看著低著頭,身體顫抖的司懷恩,司寒月皺起了眉頭,如果這人不是皇子,他會考慮把他掐死。
“每日繞皇宮跑10圈,然後兩天後爬上那棵樹。”指著遠處一株異常高大的杜英樹,司寒月命令到,然後掉頭就走。
司懷恩愣了半天,然後開心地喊道:“是,七哥。”真好,七哥沒有放棄自己呢。而此時司寒月的眉頭又皺了一分。
看著司寒月漸遠的背影,司錦霜突然開口:“看來我的訓練量又要加大了,四哥你呢?”然後不等司嵐夏的回答,起身離開。司嵐夏抿緊了嘴隨即也離開了練武場,只留下抓著頭髮,喃喃自語的司青林,“這什麼和什麼啊,怎麼和打啞謎一樣,我一句都沒聽懂。”
“月兒。”放下手中的密摺,司御天喚到。
穿著白色衣袍坐在軟榻上的司寒月抬起了頭,放下了手中的信函。
“父皇聽說你前幾日讓懷恩每天繞皇宮跑10圈,然後還讓他去爬樹?”對宮人傳來的訊息,司御天有些好奇。
“嗯。”肯定的口氣。
“為何?”司御天抬起了眉。
“太弱。”彷彿想到什麼眉頭開始皺起,如果不是按要求爬上了樹,他會考慮直接殺了他,不然這樣的他今後一樣是死。

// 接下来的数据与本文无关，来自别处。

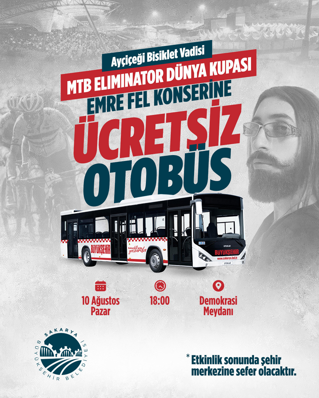 Sakarya Büyükşehir Belediyesi, 10 Ağustos Pazar günü Ayçiçeği Bisiklet Vadisi’nde düzenlenecek MTB Eliminator Dünya Kupası ve Emre Fel konseri için ücretsiz ulaşım imkânı sunacak. Saat 18.00’da 15 Temmuz Demokrasi Meydanı’ndan (Kent Meydanı) hareket edecek otobüsler, vatandaşları yarış alanına ulaştıracak.

司御天眼神有些微變,然後起身走到寒月的身邊坐下,抬手輕撫寒月的臉頰。“月兒,你為何如此介意懷恩太弱。”語氣聽不出情緒。
“身為皇子如此懦弱,豈能生存下去。”司寒月的叮咚聲有些響亮。
“哦?他是否能生存下去你很介意?”司御天繼續問道,眼睛微微眯了起來。
聽到父皇的問題,司寒月有些疑惑,父皇是什麼意思?
看著不回答的寒月,司御天的沈聲地問道:“你很介意他能否生存下去?”
“他懦弱的樣子讓我看得厭煩。如果他不是皇子我早殺了他,”司寒月想了一會回答道,“摔了那麼多次,絲毫沒有長進。”
“所以你就親自教導他?”司御天緩緩拉近與寒月的距離,更加沈聲的問道。
鳳眼開始睜大,琉璃的光芒微微開始閃爍,父皇是什麼意思,司寒月有些不解,他覺得父皇今天有些奇怪。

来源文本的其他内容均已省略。